Evening Standard

What a shame this miner left OAPs in a hole

- Jim Armitage COMMENT @ArmitageJi­m

THE board of Sirius Minerals is distinctly sheepish in its statement accepting today’s takeover by Anglo American. And, given that 85,000 retail investors were suckered into buying shares in their super-high-risk mine developmen­t in the North York Moors, so they should be.

Many were naive locals wanting to support a potential lifeline for the local economy. People like Nigel Howard, a 76-year-old who cashed in his £30,000 pension and put the lot into Sirius when the shares were 24p. Today, the board accepted an offer at their true value, 5.5p.

The truth is, this £4 billion project should never have been a standalone public company, whatever its advisers and brokers, JPMorgan, Lazard, Liberum and Shore Capital, said. Depending heavily on winning state subsidies which always looked unlikely, it failed to attract the institutio­nal investors who recognised the huge risks.

Chief executive Chris Fraser (paid nearly £1 million last year) blamed the City for not supporting him. In fact, institutio­nal investors got this one right, protecting pension funds from losses.
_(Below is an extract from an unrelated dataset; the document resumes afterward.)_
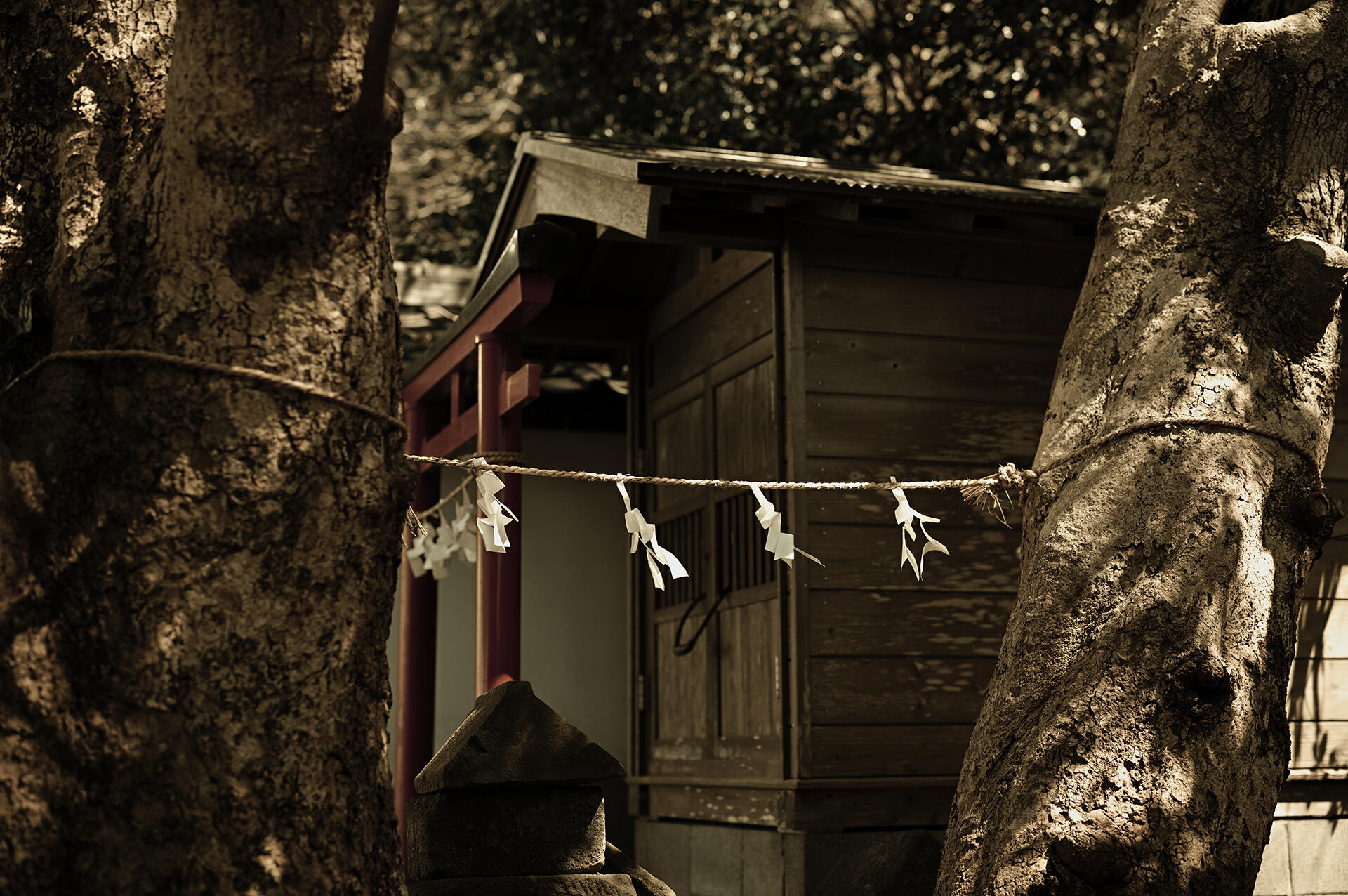 風に揺れる白い紙垂にフォーカスした。はやま三ヶ岡山緑地の真名瀬コース入り口付近に鎮座する熊野神社は、昔から地元の火防の神様として祀られている。このコースを登る際、必ず狭い境内を通ることになるので、参拝も日課となっている。

The silver lining, and it is a significan­t one, is that the mine will now go ahead under the expert stewardshi­p of a worldclass producer.

This will create thousands of jobs in an area with one of the highest rates of unemployme­nt in the country.

Anglo is big enough to take the investment risks and has the marketing clout to make it a financial success. But what a shame so many pensioners had to suffer to get here.